Sprawdzamy pogodę dla Ciebie...
Rafał Strzelec
Rafał Strzelec | 
aktualizacja 

Druzgocące obrazki z Kłodzka. Ściany jak gąbka. "Dramat"

109

Kłodzko wciąż nosi liczne ślady powodzi z września tego roku. Restauracja Bizancjum, położona tuż przy promenadzie biegnącej wzdłuż Nysy Kłodzkiej, próbuje się podnieść po tych wydarzeniach. - To był dramat, jeden wielki wir wody - wspomina pani Magdalena Dalibor, managerka restauracji. Na własne oczy przekonaliśmy się o niszczycielskiej sile żywiołu.

Druzgocące obrazki z Kłodzka. Ściany jak gąbka. "Dramat"
Biznes z Kłodzka próbuje dojść do siebie po powodzi (o2.pl, Rafał Strzelec)

Restauracja działała już w latach 90., gdy Kłodzko nawiedziła pierwsza powódź. Wówczas jednak straty były niewielkie. Po wrześniowej powodzi pozostał obraz nędzy i rozpaczy. Restauracja Bizancjum, położona na kłodzkiej promenadzie, znajduje się tuż nad rzeką. Gdy ta wylała, doszło do ogromnej dewastacji.

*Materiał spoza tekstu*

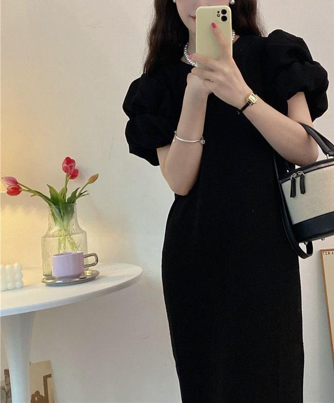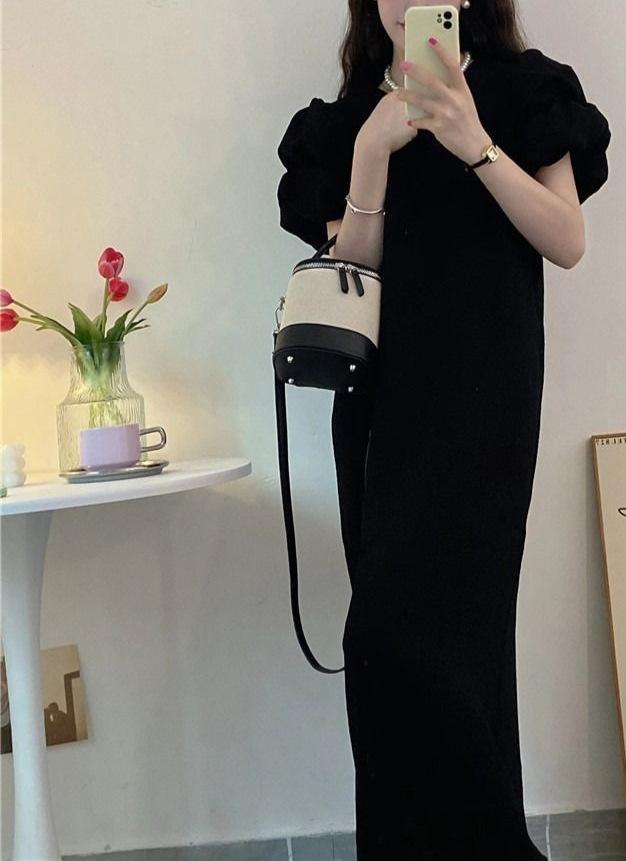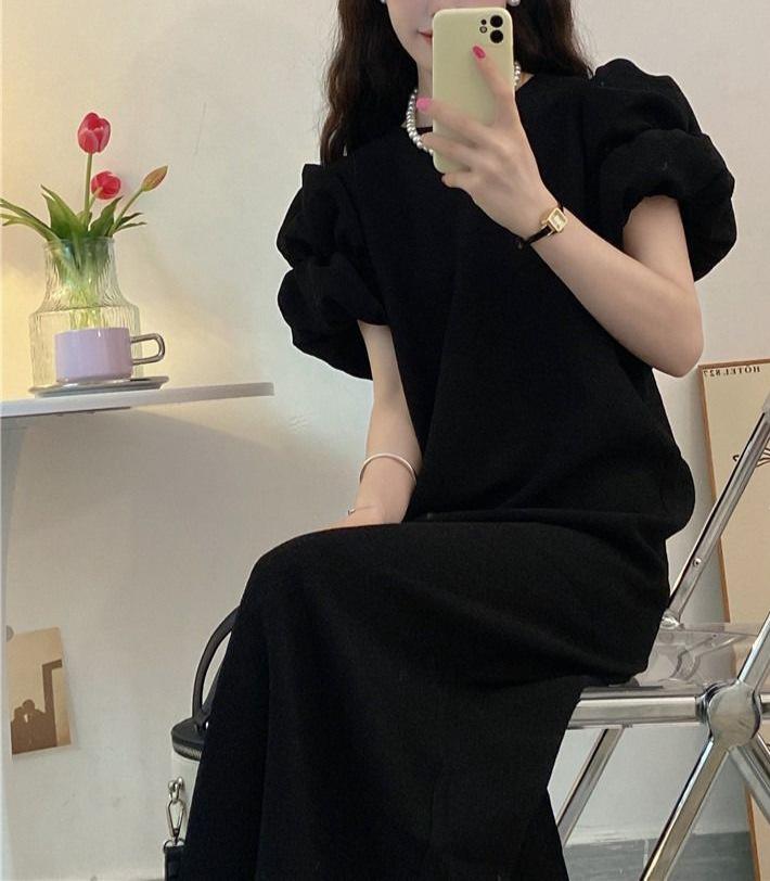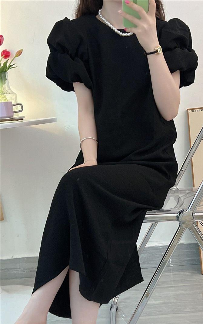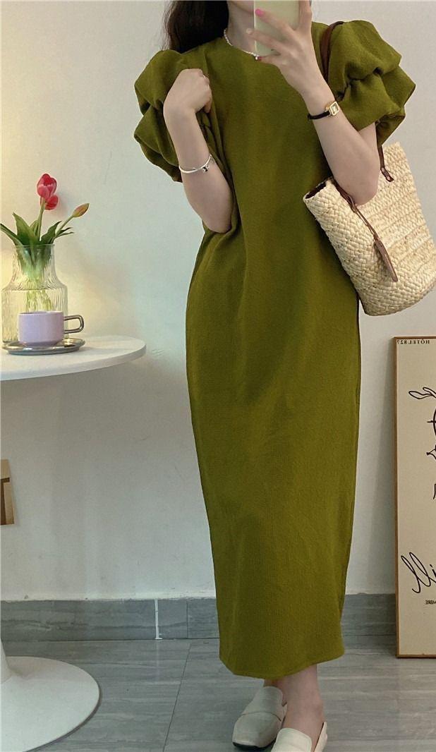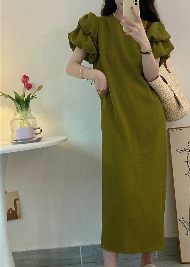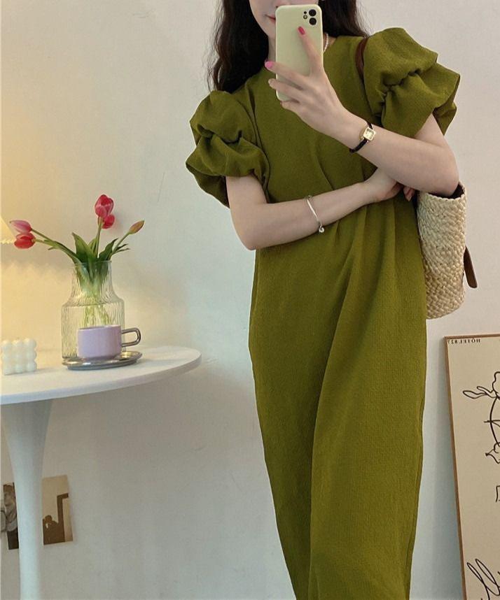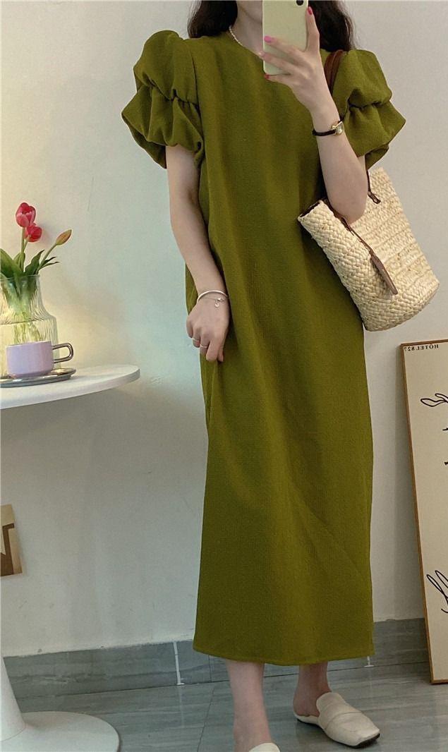 Vestido de Verano Talla Grande Diseño Estilo Coreano Manga Abullonada para Mujer Chica Gordita Cubre Carne Delgada Falda Larga 2025 Nuevo
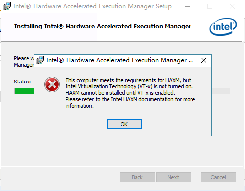 进入BIOS界面,打开VT。结束后回到原来的路径下,重新安装HAXM。
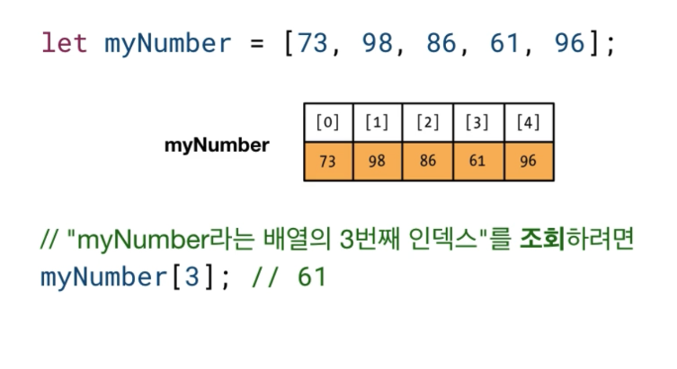 인덱스(index)의 범위는 0부터 '배열길이 -1'까지
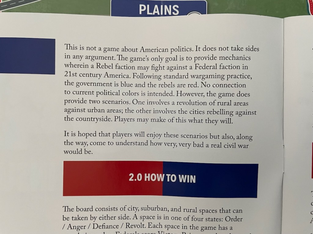 “The game’s only goal is to provide mechanics wherein a Rebel faction may fight a Federal faction in 21st Century America.”

To był dramat. Wszystko było pod sufitem. Stoliki wyrzuciło między drzwi. Jeden wielki wir wody. Wyrwało drzwi, wszystko zostało zniszczone. Nie udało się oszacować strat, bo cały czas coś wychodzi - opowiada pani Magdalena, managerka restauracji. - W pierwszych dniach pomogło nam Wojsko Polskie, wolontariusze, przyjaciele, klienci, którzy korzystali z naszych usług - dodaje.

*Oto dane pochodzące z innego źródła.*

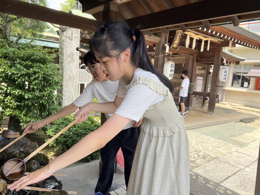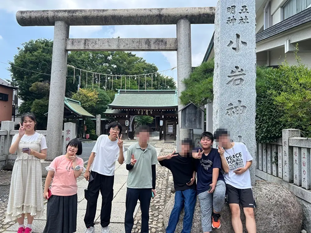 今回は灼熱の東京ということもあり、江戸川キャンパスから5分程度の「小岩神社」にGoogle Mapを使って行ってみました。全員がスマホで同じ場所を検索しているため、音声案内もほぼ一斉に同じ言葉を発します。そうこうしているうちに、あっという間に現場に到着しました。ここからは、神社参拝の作法を確認します。手水舎でしっかりと清めた後、お参りを行います。最後に全員で記念撮影。知識が身につくとともに、夏の思い出もできました。
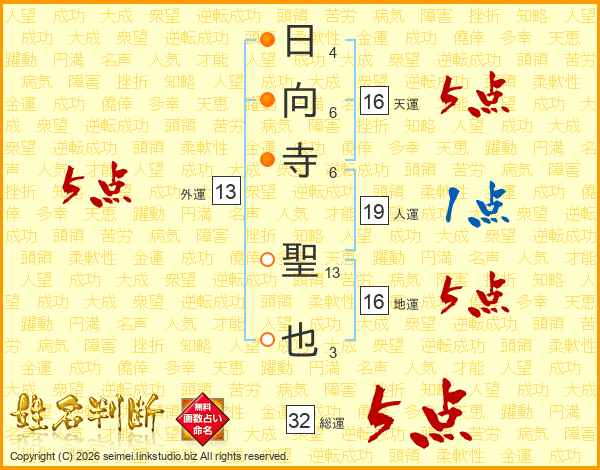 日(4画)向(6画)寺(6画) 聖(13画)也(3画)
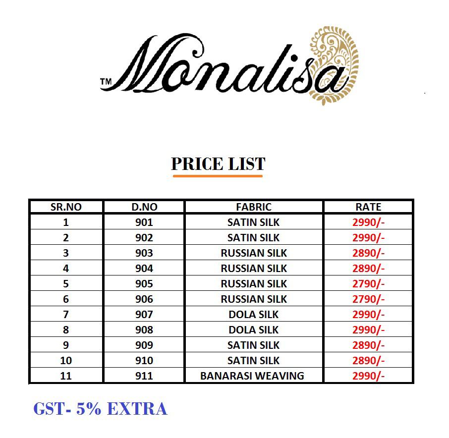 Buy Online Monalisa 901 Series Fancy Heavy Bridal Party Wear Saree Collection Wholesaler Surat 11 Pcs of Full Catalogue at Wholesale Price. Looking for Monalisa 901 Series Fancy Heavy Bridal Party Wear Saree Collection Wholesaler Surat Full Catalouge at Best Price? Buy Now Monalisa 901 Series Fancy Heavy Bridal Party Wear Saree Collection Wholesaler Surat at Wholesale Rate of Rs 0 with Total 11 Pcs from authroized dealer and supplier of Brand. Cost of Each piece is just only Rs 0 which is very low and affordable price to resale the product in your retail store ,This is Surat based Wholesale Supplier & Dealer of Brand. Click on Brand name to Know more about Brand's products.Call or Whatsapp on 9898838984 for booking or enquiry

Jak podkreśla, pracownicy zakładu ubezpieczeniowego przyszli oszacować straty, jednak właściciel lokalu chce również zrobić opinię na własną rękę. Niestety, kolejki do rzeczoznawców czy biegłych są obecnie bardzo długie, bo w wyniku powodzi w Kłodzku ucierpiało wiele firm.

Dalsza część artykułu pod materiałem wideo

Zobacz także: Ulewne deszcze w Wielkiej Brytanii. Żywioł zaskoczył siłą

Dwa miesiące po powodzi w Kłodzku. Woda nadal sączy się ze ścian

Gdy wchodzimy do środka lokalu, czuć uderzenie ciepła. Wciąż trwa sprzątanie po powodzi. Osuszacze pracują pełną parą. Choć minęły już ponad dwa miesiące, wilgoć utrzymuje się w budynku. Ściany oddają wodę - sączy się ona z nich jak z gąbki.

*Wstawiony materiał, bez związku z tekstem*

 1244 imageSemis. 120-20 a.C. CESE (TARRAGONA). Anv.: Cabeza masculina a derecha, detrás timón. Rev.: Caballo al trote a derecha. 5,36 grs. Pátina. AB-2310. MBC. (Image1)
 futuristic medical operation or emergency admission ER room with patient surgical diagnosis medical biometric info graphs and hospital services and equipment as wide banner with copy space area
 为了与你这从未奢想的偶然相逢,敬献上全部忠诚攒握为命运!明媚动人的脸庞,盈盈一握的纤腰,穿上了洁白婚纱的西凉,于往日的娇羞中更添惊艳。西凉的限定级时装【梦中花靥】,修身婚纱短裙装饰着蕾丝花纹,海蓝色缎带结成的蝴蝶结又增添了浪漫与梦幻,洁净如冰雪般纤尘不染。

Co dwie godziny jest pełne wiadro wody z osuszacza. Jest ich poustawianych kilka. Woda tutaj weszła najpóźniej, ale utrzymywała się najdłużej. Osiągała poziom pierwszego piętra - dodaje pani Magdalena.
Osuszacze pracują pełną parą. Nadal wyciągają wiele wody
Osuszacze pracują pełną parą. Nadal wyciągają wiele wody (o2.pl, Rafał Strzelec)

Na parterze znajdowała się restauracja i apartamenty. Na górze pokoje gościnne. Te ostatnie zalało częściowo.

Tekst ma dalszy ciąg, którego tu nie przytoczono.